Task ::
Your task is to return, word for word, only the lines from the line with "春秋青年睡衣男长袖长裤薄款大童卡通加大码初中学生套装2025新款" through the close of the data. Exclude all pictures.

Dataset records ::
== Segment start ==
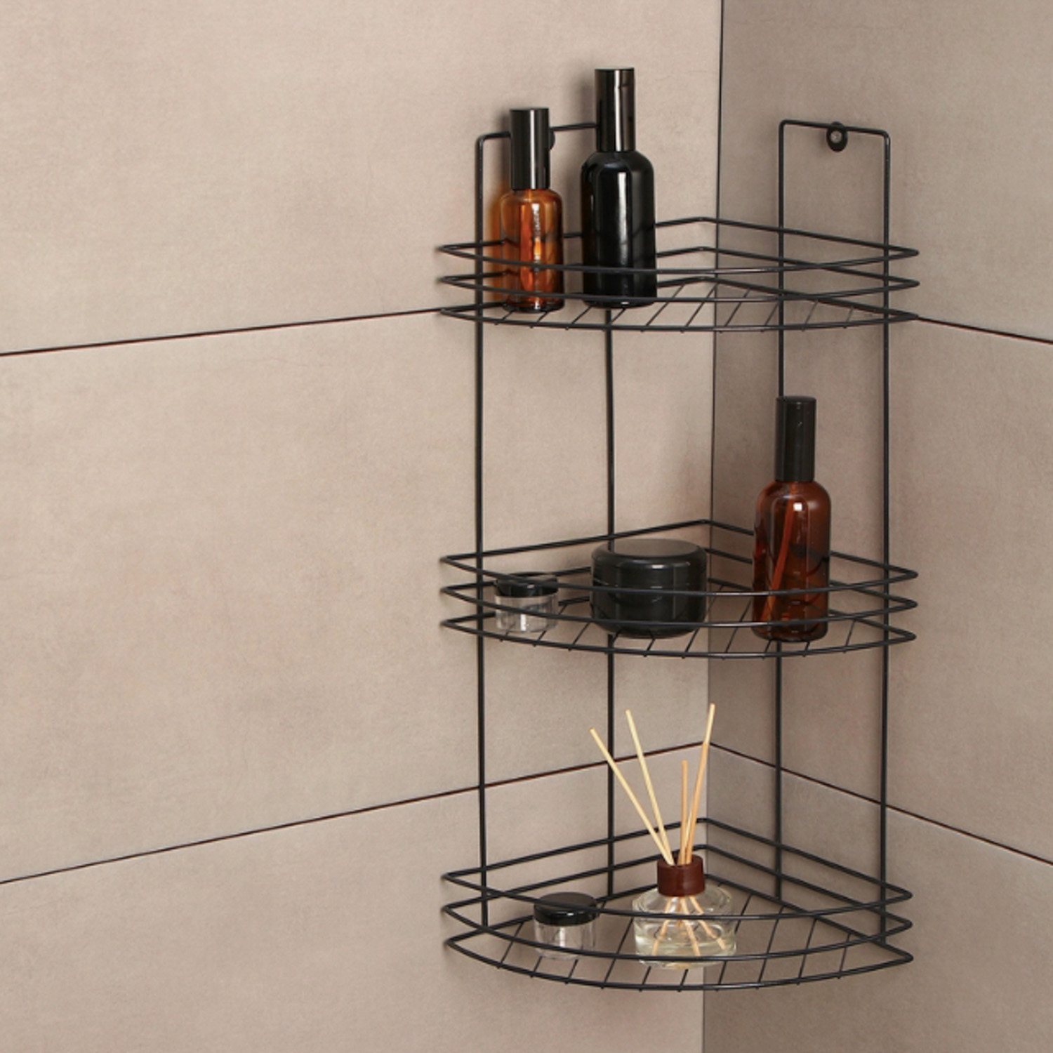 Полка угловая 3-х ярусная, 20×20×49 см, цвет черный 9043830
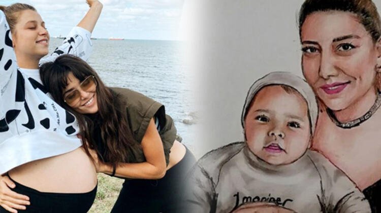 Hande Erçel’e bir takipçisi yeğeni ve onu hiç göremeyen annesinin kara kalem resmini hediye etti.
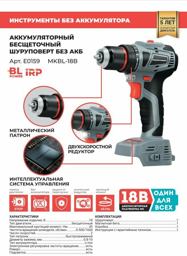 Аккумуляторный бесщеточный шуруповерт без АКБ MKBL-18В ProfiPower информация:
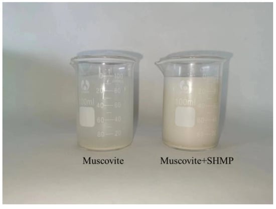 SHMP has a significant effect on the dispersibility of muscovite particles [35]. To intuitively understand the dispersion of SHMP, a settlement experiment was conducted. Two portions of 3 g muscovite powder and 100 mL deionized water were prepared to form a solution. One portion was added with 5% SHMP. Both were stirred in a magnetic agitator for 30 min and then precipitated for 2 h. The settlement results are shown in Figure 8.
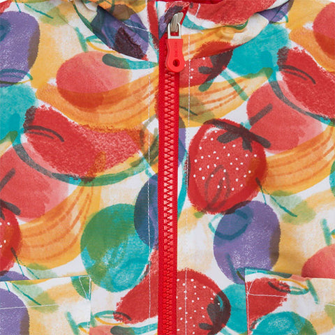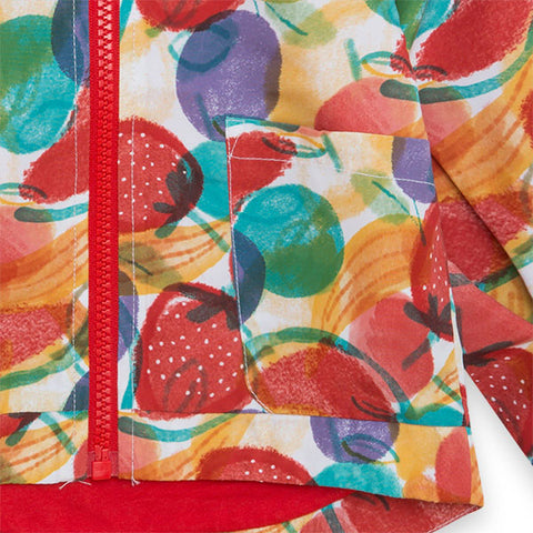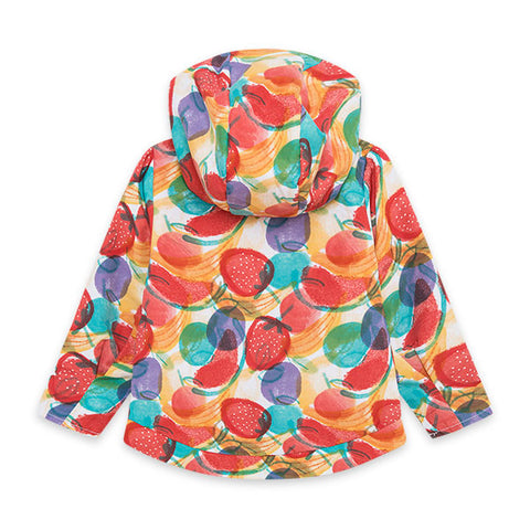 Giubbotto della Linea Abbigliamento Bambina Tuc Tuc, collezione Frutty Time, con chiusura zip e cappuccio, fantasia di frutti colorati all over.
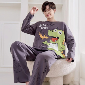 春秋青年睡衣男长袖长裤薄款大童卡通加大码初中学生套装2025新款
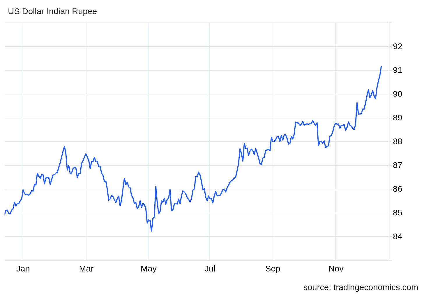 The rupee slipped past 91 per dollar for the fourth straight session as foreign money keeps moving out and US-India trade talks remain stuck. Heavy selling by overseas investors and pressure from US tariffs are weighing on sentiment. Dive deeper
== Segment end ==
Answer box ::
 春秋青年睡衣男长袖长裤薄款大童卡通加大码初中学生套装2025新款
 The rupee slipped past 91 per dollar for the fourth straight session as foreign money keeps moving out and US-India trade talks remain stuck. Heavy selling by overseas investors and pressure from US tariffs are weighing on sentiment. Dive deeper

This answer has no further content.